Spotsylvania Sheriff Roger Harris, who is named as a defendant, said county officials corrected the overtime issue shortly after the suit was filed in January.

“Their main intention was to rectify it and not go back and try to punish the county,” Harris said of the plaintiffs. “I think they just want to get paid for what they’re doing.”

The suit mirrors others filed by law enforcement officers in Richmond, Winchester, Chesterfield County and other localities. Last July, about 600 retired and active Richmond police officers collected $7 million in unpaid overtime.

The Spotsylvania suit claims that deputies received time-and-a-half only for working more than 171 hours in 28 days, which is the federal standard for overtime.

But a 2005 state law requires overtime payments for all hours worked between the federal threshold and a police officer’s normal schedule, according to the suit. It’s called “gap pay.”

Attorney general and gubernatorial candidate Ken Cuccinelli championed that law when he was a state senator.

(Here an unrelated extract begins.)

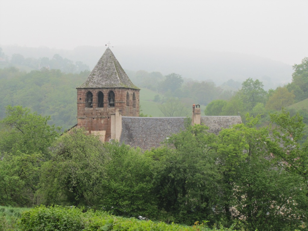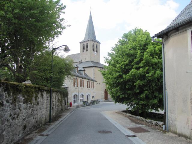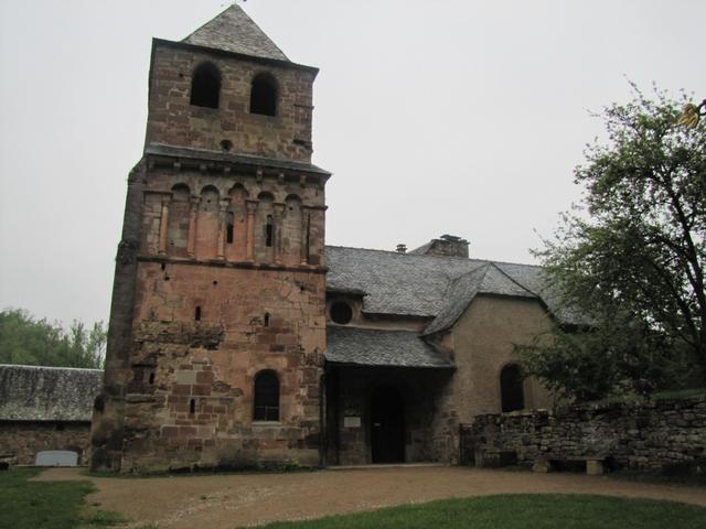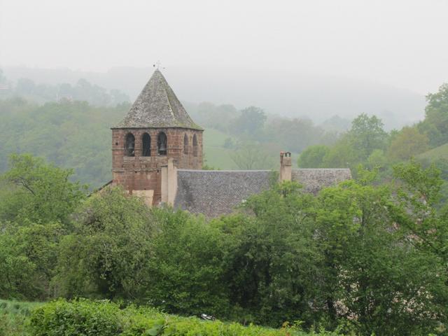 vor uns taucht die Kirche St.Pierre in Bessuéjouls auf Datum 15.06.2010

In addition, the Spotsylvania suit alleges that the county often required deputies to work “off the clock” if their schedules exceeded the federal threshold for overtime. The county, it says, has shown a “reckless disregard” for federal overtime requirements.

First Sgt. Tim Bryner of the Spotsylvania Sheriff’s Office, the lead plaintiff in the case, said he hopes the suit can be resolved “amicably.”

He said Spotsylvania has treated its deputies well and that he “thinks the world of” County Administrator Doug Barnes.

The deputies, Bryner said, “would like to be offered the opportunity to amicably be compensated the way they should have been” since the 2005 law took effect.

Spotsylvania’s Interim County Attorney James Benkahla declined to comment.